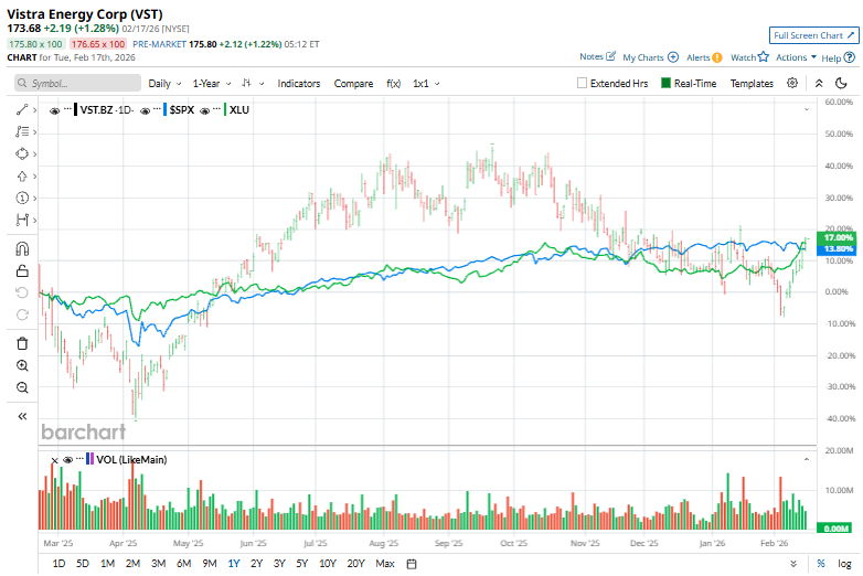 Looking closer, shares of Vistra have underperformed the State Street Utilities Select Sector SPDR Fund's (XLU) 17.3% rise over the past 52 weeks and 8.6% return in 2026.
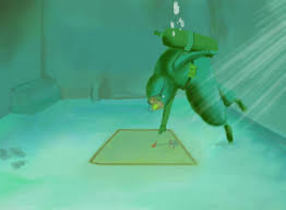 ダイバー姿になったおじいさんはパイプを探すため部屋の中央から潜っていきます。
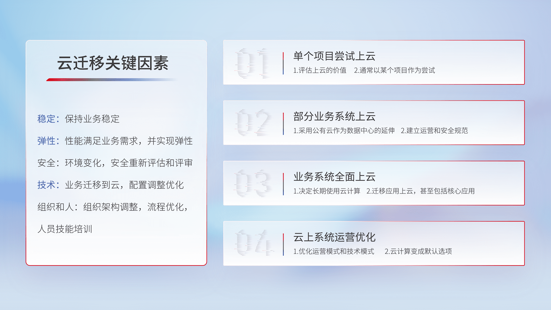 结合实际业务,,从规划设计、、、、云平台选型、、、云原生改造、、、数据迁移、、、、集成交付,,,迁移全过程为客户识别最佳上云路径,,做好风险识别管理,,,设计网络架构、、、身份权限、、、、安全审计合规、、、、操作审计、、日志审计、、、监控告警策略、、、、多站点容灾设计等,,,,对云上基础设施进行整体规划,,提升IT治理水平,,,,以满足弹性、、、、高可用、、、、高性能的需求。。。。
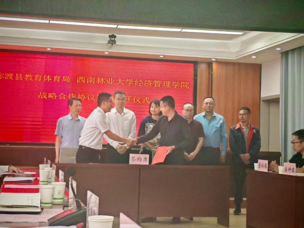 经济管理学院与弥渡县教育体育局签订合作协议。学院领导班子成员为李聪、单文武、邹平颁发公共管理硕士(MPA)教育中心行业导师聘书。
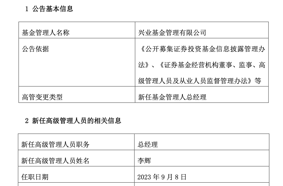 9月9日,兴业基金发布高级管理人员变更公告称,李辉自9月8日起任职公司总经理,董事长叶文煌不再代行总经理职务。

Exercise directions:
The answer must be an exact restatement of all the records, with no pictures included.

Task output:
 Looking closer, shares of Vistra have underperformed the State Street Utilities Select Sector SPDR Fund's (XLU) 17.3% rise over the past 52 weeks and 8.6% return in 2026.
 ダイバー姿になったおじいさんはパイプを探すため部屋の中央から潜っていきます。
 结合实际业务,,从规划设计、、、、云平台选型、、、云原生改造、、、数据迁移、、、、集成交付,,,迁移全过程为客户识别最佳上云路径,,做好风险识别管理,,,设计网络架构、、、身份权限、、、、安全审计合规、、、、操作审计、、日志审计、、、监控告警策略、、、、多站点容灾设计等,,,,对云上基础设施进行整体规划,,提升IT治理水平,,,,以满足弹性、、、、高可用、、、、高性能的需求。。。。
 经济管理学院与弥渡县教育体育局签订合作协议。学院领导班子成员为李聪、单文武、邹平颁发公共管理硕士(MPA)教育中心行业导师聘书。
 9月9日,兴业基金发布高级管理人员变更公告称,李辉自9月8日起任职公司总经理,董事长叶文煌不再代行总经理职务。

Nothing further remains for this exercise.